Ezra put down the bowl and rubbed his hands over his head, and sighed again. “Naomi, it is the thing he should not remember!” he exclaimed. “Why should our son fear when none pursue him?”
“Father, I will remember — forever!” David cried. He stood straight, the sword in his hand, his head high, his eyes passionate.
At this moment there was a footstep at the door and Leah was there. David saw her in her scarlet and gold, her dark hair bound back, her great black eyes burning, her red lips parted.
“Leah!” he cried.
“I heard what Kao Lien told you.” Her voice was clear and soft. “I heard about our people. I was standing behind the curtain.”
“Come in, child,” Madame Ezra said. “I was about to send for you.”
“I knew I should come,” she replied in the same soft voice. “I felt it — here.”

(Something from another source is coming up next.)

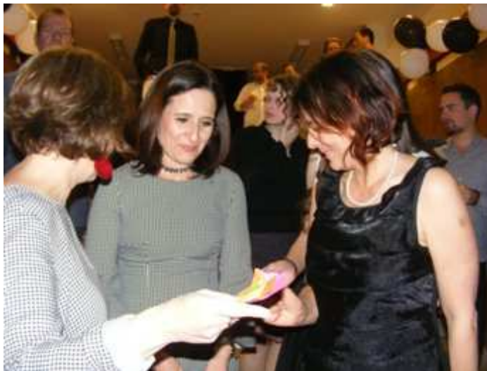
Senki sem szeretne színes tombolaszelvények nélkül maradni. A családoknak hála az idén is bővelkedtünk pompás tombola-tárgyakban.

She clasped her hands together on her breast and she looked at David. He gazed back at her, startled out of himself, and as though he had never seen her before. At this moment she came before him, a woman.
Madame Ezra watched them, and she leaned forward in her seat, and everyone else watched her. She smiled, yearning toward those two. Ezra watched from under his brows, his lips pursed and silent, and Kao Lien watched, smiling half sadly, and Wang Ma watched and her lips were bitter.
But Leah saw only David. He stood so tall and he grasped the silver sword in his right hand. He was more beautiful in her eyes than the morning star and more to be desired than life itself. He was manhood to her womanhood, theirs was one blood, and she forgot everything except that he was there and that his face was tender, his eyes warm upon her. She came to him as to the sun, hesitating and yet compelled.